When non operative treatment fails patients often choose surgery.

The goal is to enlarge the tunnel and decrease pressure on the nerve by dividing the transverse carpal ligament.

What is endoscopic carpal tunnel release?

At least 10 years ago surgeons began doing carpal tunnel release utilizing special instruments which allowed the surgery to be done through smaller incisions than previously. It was felt that this would allow quicker healing, less pain and faster recovery.

Endoscopic release however, has not been fool proof and has its own set of problems mainly caused by injury to the nerve or incomplete release of the ligament.

Many surgeons including myself have not been impressed by endoscopic release and it's potential complications.

This is not to say that someone who does endoscopic carpal tunnel release routinely can not do it safely or with the same results that we do through open incisions.

I have been very happy with my personal small incision open release of the carpal tunnel, because I can very adequately evaluate the structures of the hand, directly see the nerve and tendons and always completely protect the nerve to do a complete release.

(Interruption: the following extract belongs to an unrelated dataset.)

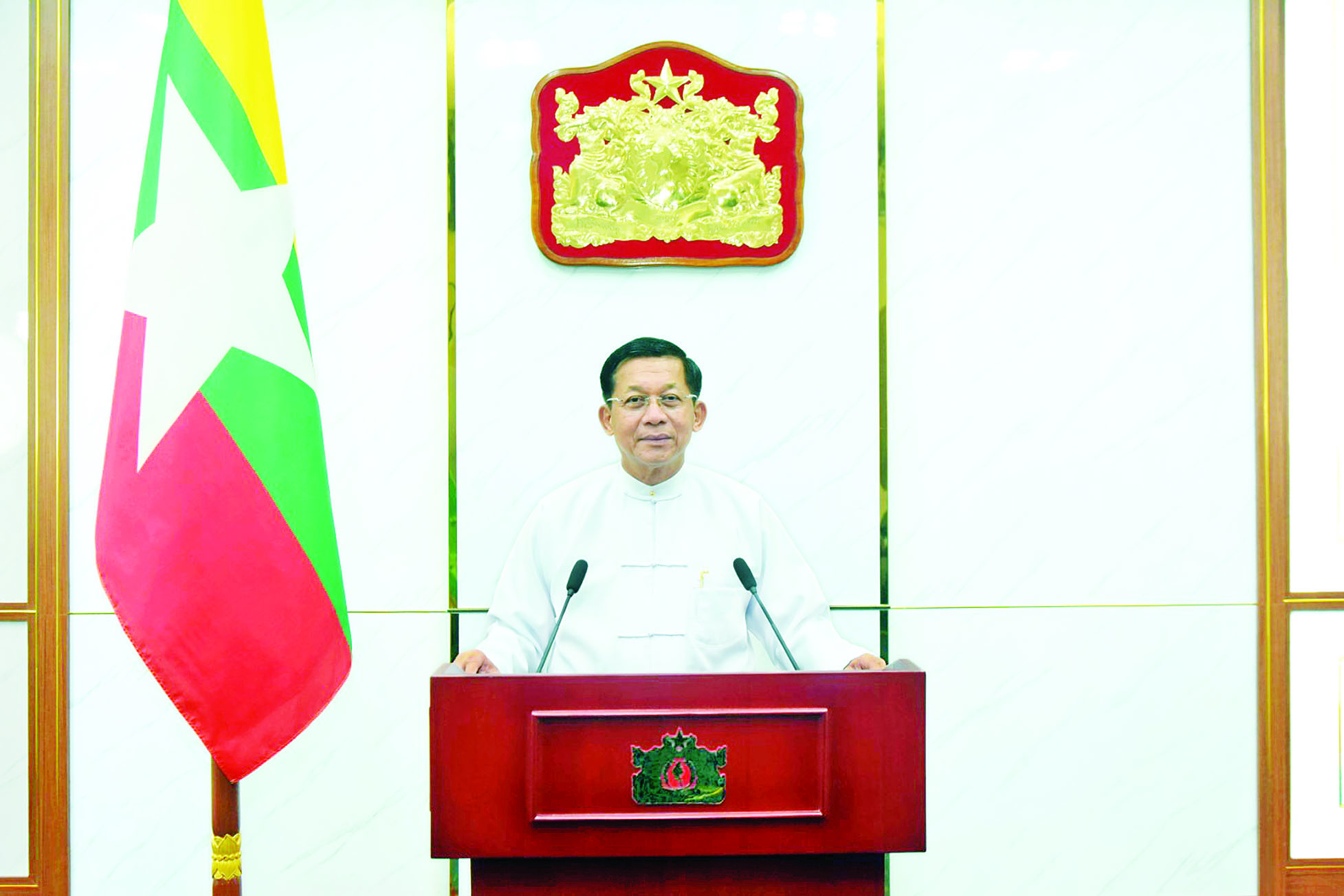 ကျွန်တော်တို့နိုင်ငံမှာ ဆေးရုံ ၁,၀၇၇ ခု၊ ဆေးပေးခန်း ၁၁,၄၂၇ခု ရှိပြီး ဆေးရုံ ၇၆၅ ရုံ၊ ဆေးပေးခန်း ၇,၄၃၀ ခု လုပ်ငန်းဆောင်ရွက်နိုင် မှုရှိပါတယ်။ တစ်နိုင်ငံလုံး ခန့်အပ်ဆရာဝန် ၁၄,၆၇၈ ဦး၊ ကျန်းမာရေး ဝန်ထမ်း ၁၀၅,၈၃၄ ဦးရှိပြီး အဲဒီအထဲမှ အချို့ဆရာဝန်နဲ့ ကျန်းမာရေး ဝန်ထမ်းများဟာ နိုင်ငံရေးဝါဒမှိုင်းတွေကြောင့် ပြည်သူများရဲ့အသက်နဲ့ ကျန်းမာရေးကို မငဲ့ကွက်ဘဲ မိမိတို့ရဲ့လုပ်ငန်းခွင်ကို စွန့်ခွာသွားခဲ့ကြ ပါတယ်။ ဒါ့ကြောင့် ကိုဗစ်-၁၉ ကာလမှာ ကျန်းမာရေးဝန်ထမ်းတွေဟာ သူတို့ရဲ့လူနာရှင်တွေကို မပစ်ခွာဘဲ တာဝန်သိသိ သစ္စာရှိရှိ တာဝန် ထမ်းဆောင်ခဲ့လို့ ကျွန်တော်တို့အစိုးရအနေနဲ့ အသိအမှတ်ပြု ပါတယ်။ ဆေးရုံအသီးသီးမှာ လိုအပ်တဲ့ ကျန်းမာရေးဝန်ထမ်းများ နေရာများမှာ တပ်မတော်သားဆေးတပ်ဖွဲ့ဝင်များက ဝင်ရောက်ကူညီ ဆောင်ရွက်ပေးတာနဲ့ တပ်မတော်ဆေးရုံအသီးသီးမှာ ပြည်သူများ ဆေးကုသပေးနိုင်အောင် ဆောင်ရွက်ပေးခဲ့ပါတယ်။ အငြိမ်းစားကျန်းမာရေးဝန်ထမ်းများနဲ့ အငြိမ်းစားတပ်မတော်ဆေးတပ်ဖွဲ့ဝင်များလည်း ဝင်ရောက်အားဖြည့် ကူညီပေးခဲ့ကြပါတယ်။ ကိုဗစ်-၁၉ ကာလအတွင်း ကျန်းမာရေး ဝန်ထမ်းတွေအပေါ် တာဝန်ထမ်းဆောင်မှု အသိအမှတ်ပြုတဲ့အနေနဲ့ အစိုးရအနေဖြင့် ၁၀,၉၄၄,၅၄၅,၀၀၀ ကျပ် (၁၀ ဒသမ ၉၄ ဘီလီယံ)အား ဆုချီးမြှင့်ခဲ့ပါတယ်။

I like my patients to understand what options are available to them and why I use the technique that I do. I make a very small incision usually of an inch placed in the palm. After a few months most patients cannot find where the incision was.

Most of my patients experience little or no pain following the procedure.

"Doctor, I have heard that carpal tunnel surgery doesn't always work. Why is that?"

  1. The nerve may be too old or has had pressure on it too long and can be damaged making it difficult for the nerve to recover.

  2. The ligament could be incompletely released.

  3. Pillar pain may follow carpal tunnel release, which is thought to be associated with the resulting change in the architecture of the bones of the wrist secondary to release of the ligaments. This particular condition is certainly real, but not well understood.

  4. Palmar cutaneous neuroma. Release of the transverse carpal ligament can occasionally result in injury to a small skin nerve which is very tiny and can be damaged at the time of the carpal tunnel incision even if the incision is very small. This can result in pain in the region of the incision which lasts much longer than one would expect the incisional pain to last.